Would you please return the lines of the entries below starting at the line that has "木の実保育園では、毎月、地域" and ending at the line that has "Donde debía funcionar", both included, exactly as they are?

DATA SECTION -
□ □ □
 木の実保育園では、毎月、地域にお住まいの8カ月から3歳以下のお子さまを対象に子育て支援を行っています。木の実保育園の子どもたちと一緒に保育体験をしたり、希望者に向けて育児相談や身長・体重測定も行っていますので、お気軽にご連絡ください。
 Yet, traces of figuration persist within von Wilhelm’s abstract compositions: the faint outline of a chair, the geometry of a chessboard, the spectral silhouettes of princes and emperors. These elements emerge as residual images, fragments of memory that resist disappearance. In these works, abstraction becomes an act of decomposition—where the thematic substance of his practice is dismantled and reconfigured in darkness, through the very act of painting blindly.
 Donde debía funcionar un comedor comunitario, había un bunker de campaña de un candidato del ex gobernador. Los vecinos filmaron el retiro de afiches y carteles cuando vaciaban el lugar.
□ □ □
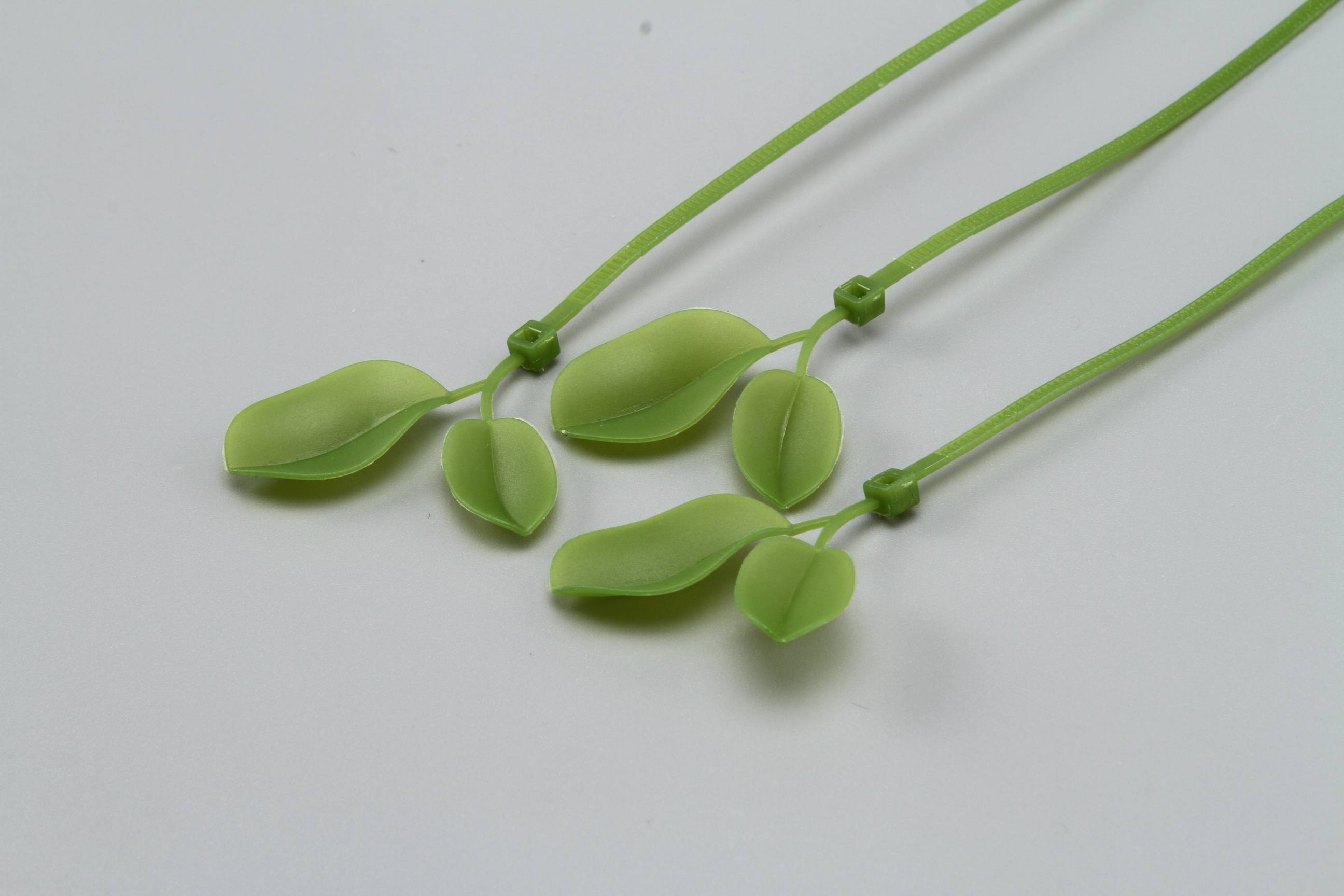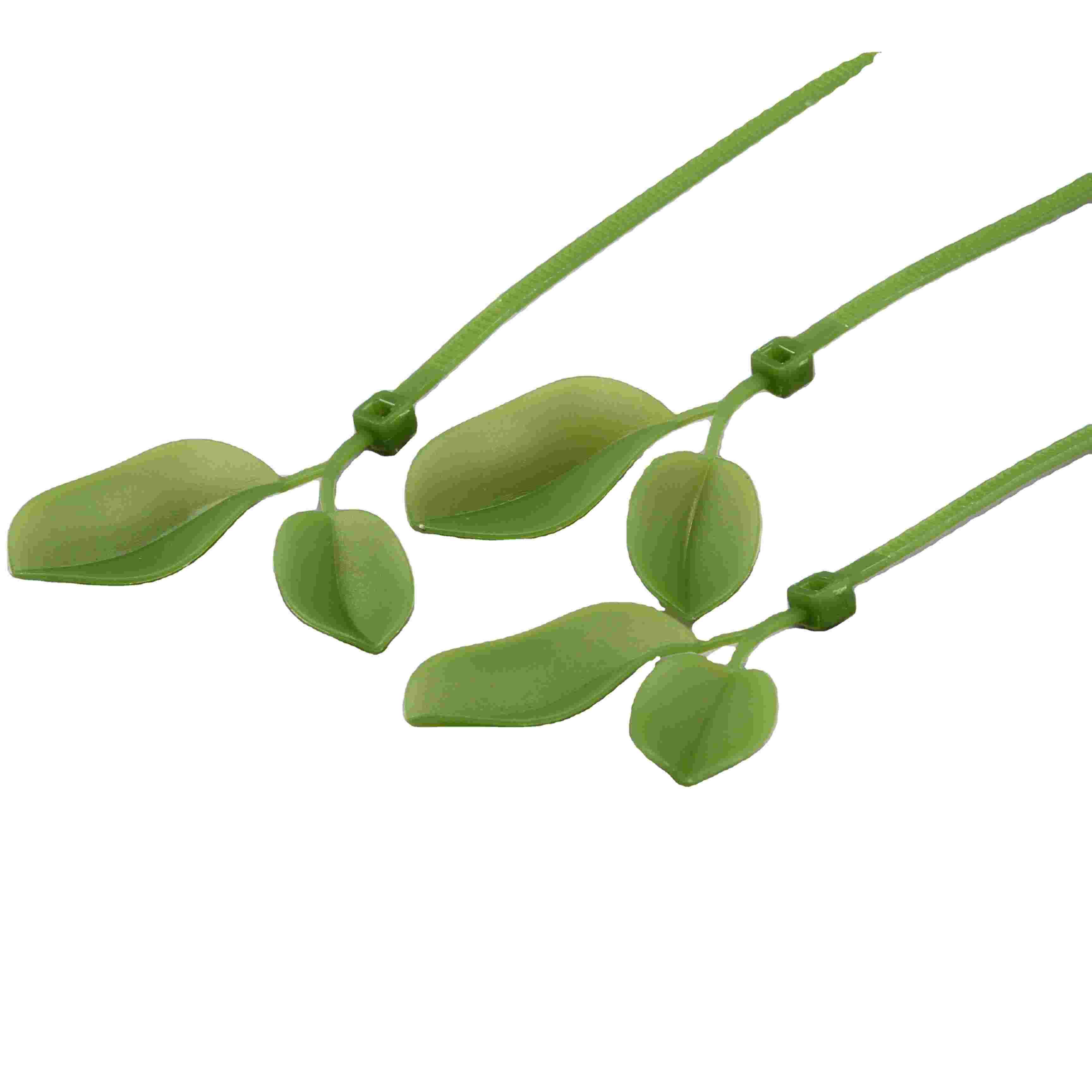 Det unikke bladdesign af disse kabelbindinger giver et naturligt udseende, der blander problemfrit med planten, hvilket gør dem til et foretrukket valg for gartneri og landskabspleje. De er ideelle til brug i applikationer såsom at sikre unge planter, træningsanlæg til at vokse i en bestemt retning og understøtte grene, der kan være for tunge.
□ □ □
OUTPUT OF THE TASK -
 木の実保育園では、毎月、地域にお住まいの8カ月から3歳以下のお子さまを対象に子育て支援を行っています。木の実保育園の子どもたちと一緒に保育体験をしたり、希望者に向けて育児相談や身長・体重測定も行っていますので、お気軽にご連絡ください。
 Yet, traces of figuration persist within von Wilhelm’s abstract compositions: the faint outline of a chair, the geometry of a chessboard, the spectral silhouettes of princes and emperors. These elements emerge as residual images, fragments of memory that resist disappearance. In these works, abstraction becomes an act of decomposition—where the thematic substance of his practice is dismantled and reconfigured in darkness, through the very act of painting blindly.
 Donde debía funcionar un comedor comunitario, había un bunker de campaña de un candidato del ex gobernador. Los vecinos filmaron el retiro de afiches y carteles cuando vaciaban el lugar.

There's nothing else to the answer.